Christian Tiffert erweist sich in dieser Saison nicht nur auf dem Spielfeld als Stütze dieser Mannschaft. Auch wenn er Stellung nimmt zu den spielerischen Leistungen der Mannschaft, sagt er entscheidende Sätze im richtigen Ton. Im Podcast von Radio DU geht es da mehr um die Einordnung des Sieges, im Interview nach dem Spielbericht von Sky gibt er bei Minute 3:45 aber auch noch einen Einblick in die Stimmungslage der Mannschaft. Christian Tiffert sieht für die Stimmung innerhalb der Mannschaft Verbesserungsbedarf. Stimmung hat etwas mit Zusammenhalt zu tun, und der ist Voraussetzung, um Krisen zu überstehen. Die Bewertung der Entlassung Peter Neururers überlässt er allerdings anderen.

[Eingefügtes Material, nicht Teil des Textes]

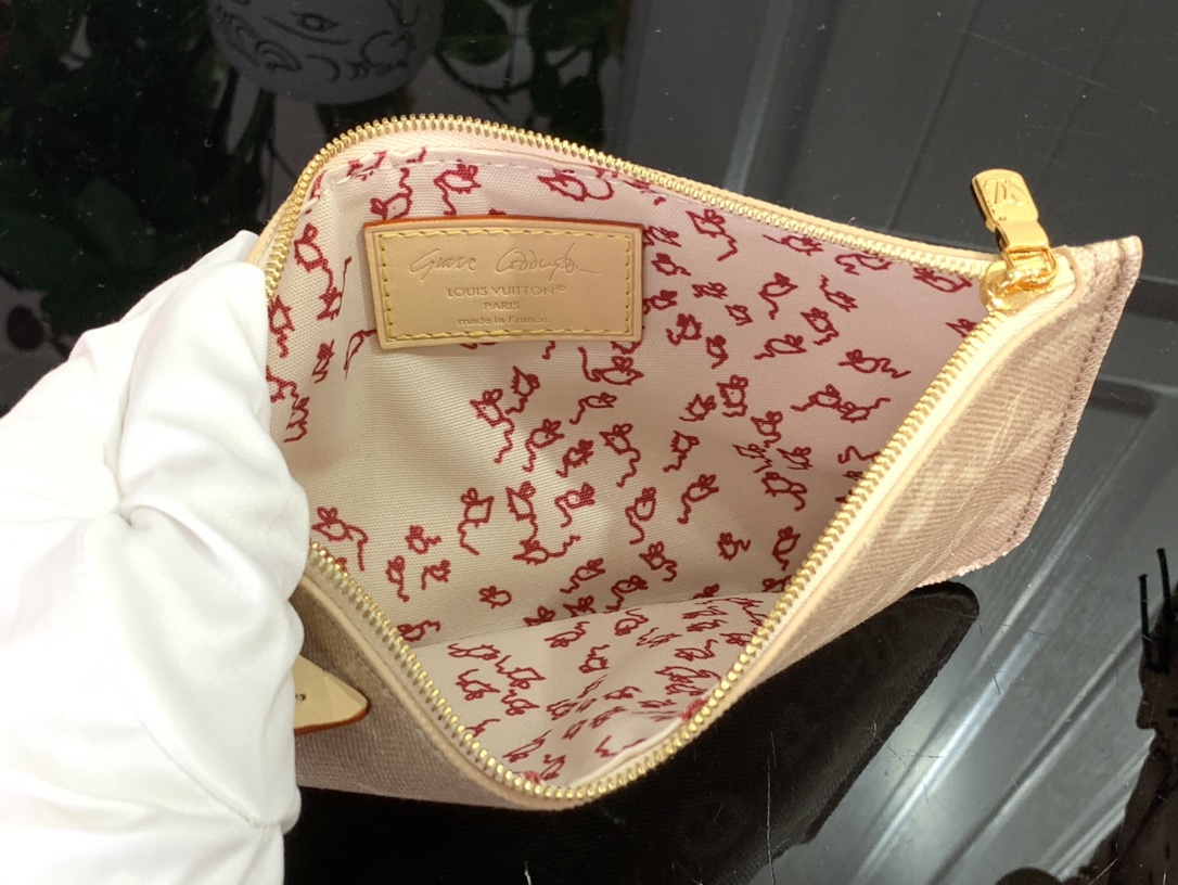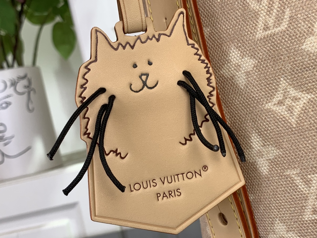 This version of the All In GM features the House's Meowgram signature, designed by fashion icon and artist Grace Coddington. Created exclusively for the LV Travels With collection, it is made from canvas trimmed with cowhide and features a playful cat-shaped key bell. The bucket profile is sized to fit everyday essentials, including a laptop, and comes with a removable zipped pouch.

Mir, zum Beispiel: Betrachte ich, wie Peter Neururer mit den Problemen dieser Mannschaft seit Anfang dieses Jahres immer wieder umgegangen ist, dann weiß ich sicher, egal wie gut sein Fußballverstand sein sollte, ihm fehlen geeignete Mittel zur Menschenführung. Er hätte dieser Gruppe von Spielern mit unterschiedlichen Interessen nicht mehr zur Einheit verhelfen können. Da steht sein Umgang mit der Personalie Ben-Hatira vor. Zudem wirkt die Drohung mit seiner Kündigung als Hemmschuh. Hinzu kommt noch sein populistisches öffentliches Auftreten, bei dem er immer wieder zwischen den Extremen schwankte. Einerseits nahm er Spieler gegen jede Kritik von außen in Schutz, andererseits distanzierte er sich grundsätzlich nach dem völligen Versagen von der Mannschaft. Wie soll so jemand integrierend auf die Gruppe einwirken? Derjenige, der integrierend wirken möchte, braucht das Vertrauen aller Gruppenmitglieder. Ich glaube nicht, dass dieses Vertrauen noch gegeben war. Darum wird es einem neuen Trainer vor allem gehen müssen, die Mannschaft wieder zu einen. Dann kann sie das legendäre spielerische Potenzial vielleicht bis zum Ende der Saison häufiger abrufen, als es bislang der Fall war.